▸ YOUR GOAL: Nothing in the records may be altered, and no picture may be included. Restate them in full.

*** Opening of SUPPLIED DATA ***

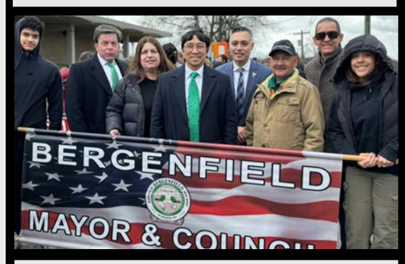
2024 St. Patrick's Day Parade
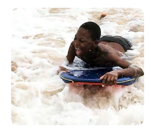
Above: Learners taking in surfing lessons at Sodwana Bay.

swimming lessons focusing on safety in the water and snorkelling and hosted 41 swimmers between the ages of 15-40 years over two days. Participants were invited from the Coast Care Unit of Katanga Services, Katanga Gate Management, Moses Zikhali High School, Mpiyakhe High School, Nhlambanyathi High School, licensed activity operators and Small Steps Surfing Academy. Participants were sponsored swimming gear including costumes, swimming goggles and caps.
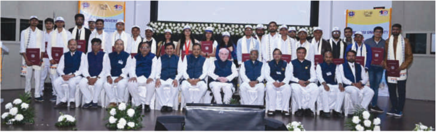
Degree recipients of Kamdhenu University with University officers and faculties at 6 th Convocation
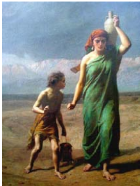
Ishmael and Hagar

Four Score and Six Years Old The age of Abram when Ishmael was born ( below left ), and the age of Abraham Lincoln’s America at the Battle of Gettysburg ( below right )
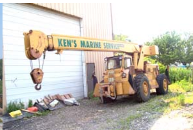
14 TON GROVE CRANE
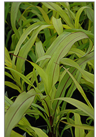
Jester Millet foliage
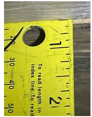
15/32" Roof Decking
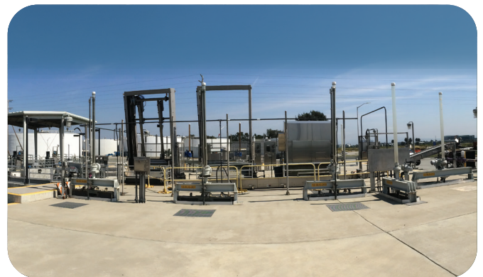
Existing headworks facilities
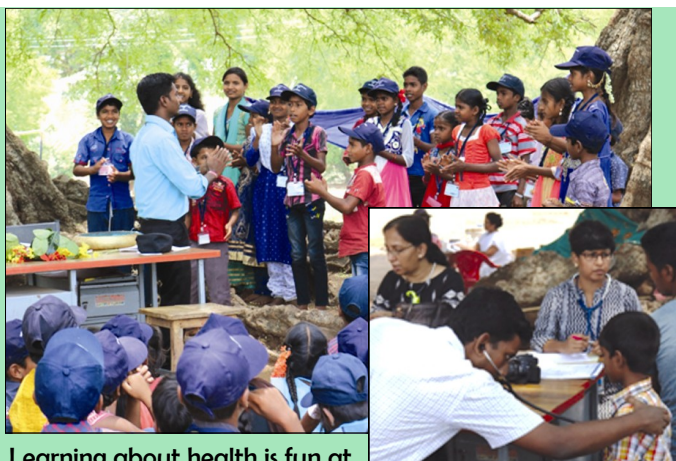
Learning about health is fun at Jawadhi Hills Summer Camps. Inset: children's health checks
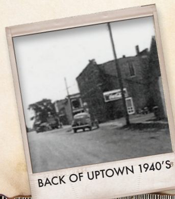
BACK OF UPTOWN 1940'S
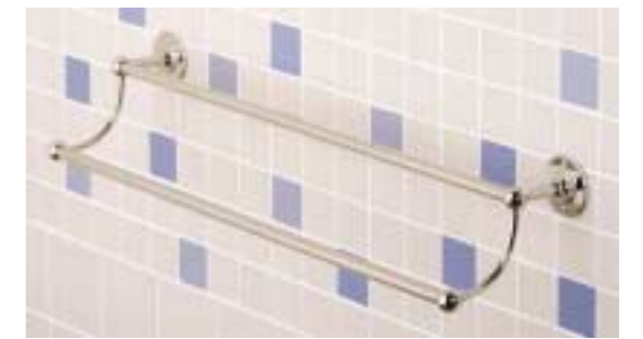
EMPIRE TOWEL RAIL*
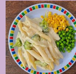
NEW Cheese and Broccoli Pasta with Garlic Bread
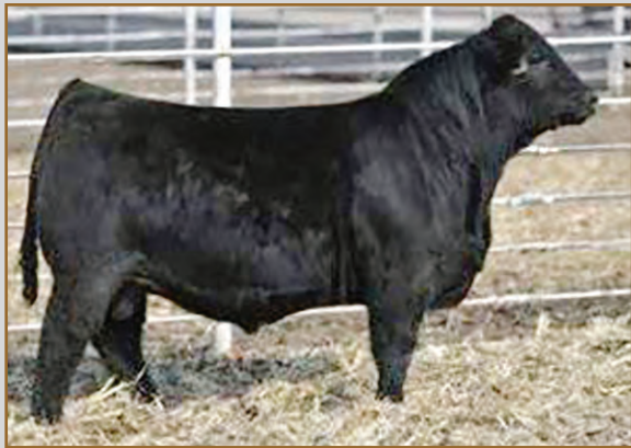
TJ ARROWHEAD 263G - SAI SIRE TO BRED HEIFERS' K1579, K1724 & K1813 PREGNANCIES
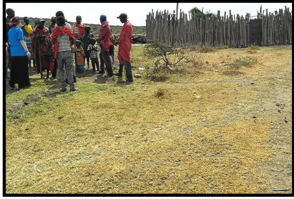
We very seldom get a camera out and take a picture as we are not there as tourists. This would be a typical setting of 10-40 Maasai under a tree. Over 2000 Maasai received the Word and repeated the sinner's prayer for salvation! We do our part and the Holy Spirit does the miraculous!
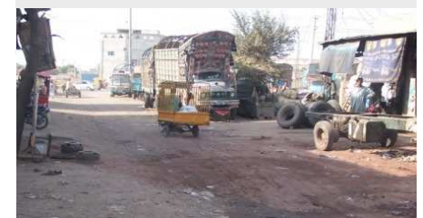
In its' effort to improve the city's transport and road infrastructure, as well as the management of industrial waste, Faisalabad is looking for new sources of project financing through Public Private Partnerships.
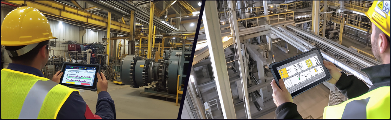
Image: Two individuals utilizing the Tera T02W Rugged Tablet in an industrial environment, highlighting its seamless connectivity with 2.4G and 5.8G Wi-Fi support.
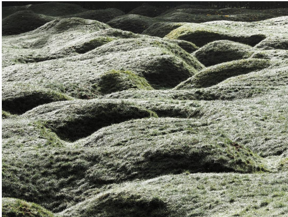
Trench remains at Beaumont Hamel Newfoundland Memorial Park.
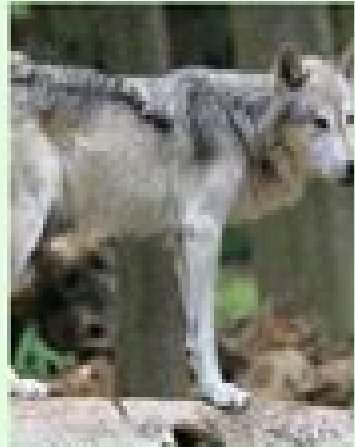
LOUP GRIS COMMUN (CANIS LUPUS LUPUS)
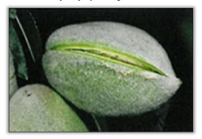
Stage 2C of hull split. This is the critical time for NOW insecticide and Rhizopus hull rot fungicide applications. The orchard is ready for harvest when all nuts are at Stage 2C.

• Navel Orangeworm (NOW) & Peach Twig Borer (PTB): Continue monitoring for NOW and PTB to determine when and how to manage these pests in your orchard. Given the high levels of NOW damage we saw last year, and the challenge many growers had in sanitizing orchards over the winter, this is a year to pay special attention to your NOW management. Consider an edge spray when the first sound nuts in the upper canopy of border trees reach hull split Stage 2C (see photo), and a full spray once nuts in the upper canopy of trees within the orchard reach that same stage. Consult with your PCA when making decisions about NOW and PTB management. Switch insecticide chemistries between generations. See the article in this newsletter for more information on hull split spray timing.
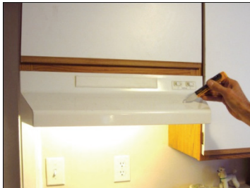
Fig. 1: Voltage sensor used to determine if exhaust fan is grounded. If sensor beeps, it is not grounded.

Conclusion: Without question, we must be looking for all indicators of handyman add-ons. The capacitive voltage sensor used to detect ungrounded appliances is a test that should definitely be included in a PowerCheck electrical examination.
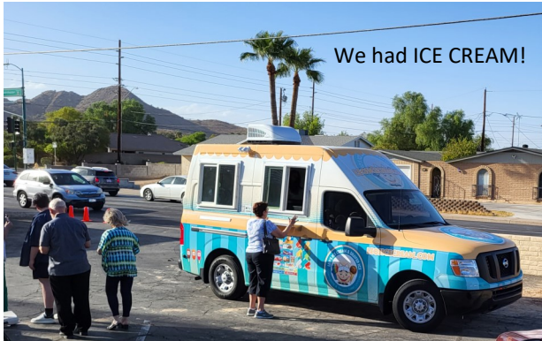
We had ICE CREAM!
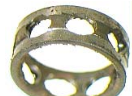
Ball Pocket / OD Wear
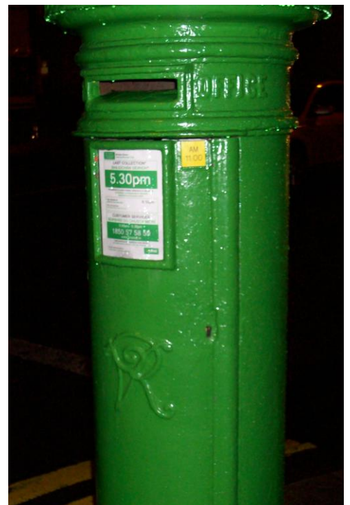
A Pillar Box in Mountjoy Square
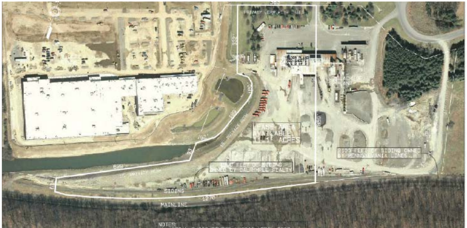
BOUNDARY LINE FOR AVAILABLE SECTION (IN WHITE)
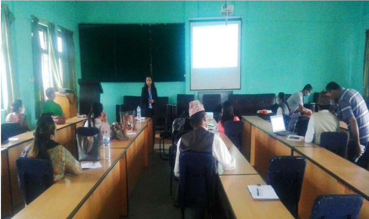
Stakeholder meeting in Syangja

*** Close of SUPPLIED DATA ***

▸ TASK OUTPUT:
2024 St. Patrick's Day Parade
Above: Learners taking in surfing lessons at Sodwana Bay.

swimming lessons focusing on safety in the water and snorkelling and hosted 41 swimmers between the ages of 15-40 years over two days. Participants were invited from the Coast Care Unit of Katanga Services, Katanga Gate Management, Moses Zikhali High School, Mpiyakhe High School, Nhlambanyathi High School, licensed activity operators and Small Steps Surfing Academy. Participants were sponsored swimming gear including costumes, swimming goggles and caps.
Degree recipients of Kamdhenu University with University officers and faculties at 6 th Convocation
Ishmael and Hagar

Four Score and Six Years Old The age of Abram when Ishmael was born ( below left ), and the age of Abraham Lincoln’s America at the Battle of Gettysburg ( below right )
14 TON GROVE CRANE
Jester Millet foliage
15/32" Roof Decking
Existing headworks facilities
Learning about health is fun at Jawadhi Hills Summer Camps. Inset: children's health checks
BACK OF UPTOWN 1940'S
EMPIRE TOWEL RAIL*
NEW Cheese and Broccoli Pasta with Garlic Bread
TJ ARROWHEAD 263G - SAI SIRE TO BRED HEIFERS' K1579, K1724 & K1813 PREGNANCIES
We very seldom get a camera out and take a picture as we are not there as tourists. This would be a typical setting of 10-40 Maasai under a tree. Over 2000 Maasai received the Word and repeated the sinner's prayer for salvation! We do our part and the Holy Spirit does the miraculous!
In its' effort to improve the city's transport and road infrastructure, as well as the management of industrial waste, Faisalabad is looking for new sources of project financing through Public Private Partnerships.
Image: Two individuals utilizing the Tera T02W Rugged Tablet in an industrial environment, highlighting its seamless connectivity with 2.4G and 5.8G Wi-Fi support.
Trench remains at Beaumont Hamel Newfoundland Memorial Park.
LOUP GRIS COMMUN (CANIS LUPUS LUPUS)
Stage 2C of hull split. This is the critical time for NOW insecticide and Rhizopus hull rot fungicide applications. The orchard is ready for harvest when all nuts are at Stage 2C.

• Navel Orangeworm (NOW) & Peach Twig Borer (PTB): Continue monitoring for NOW and PTB to determine when and how to manage these pests in your orchard. Given the high levels of NOW damage we saw last year, and the challenge many growers had in sanitizing orchards over the winter, this is a year to pay special attention to your NOW management. Consider an edge spray when the first sound nuts in the upper canopy of border trees reach hull split Stage 2C (see photo), and a full spray once nuts in the upper canopy of trees within the orchard reach that same stage. Consult with your PCA when making decisions about NOW and PTB management. Switch insecticide chemistries between generations. See the article in this newsletter for more information on hull split spray timing.
Fig. 1: Voltage sensor used to determine if exhaust fan is grounded. If sensor beeps, it is not grounded.

Conclusion: Without question, we must be looking for all indicators of handyman add-ons. The capacitive voltage sensor used to detect ungrounded appliances is a test that should definitely be included in a PowerCheck electrical examination.
We had ICE CREAM!
Ball Pocket / OD Wear
A Pillar Box in Mountjoy Square
BOUNDARY LINE FOR AVAILABLE SECTION (IN WHITE)
Stakeholder meeting in Syangja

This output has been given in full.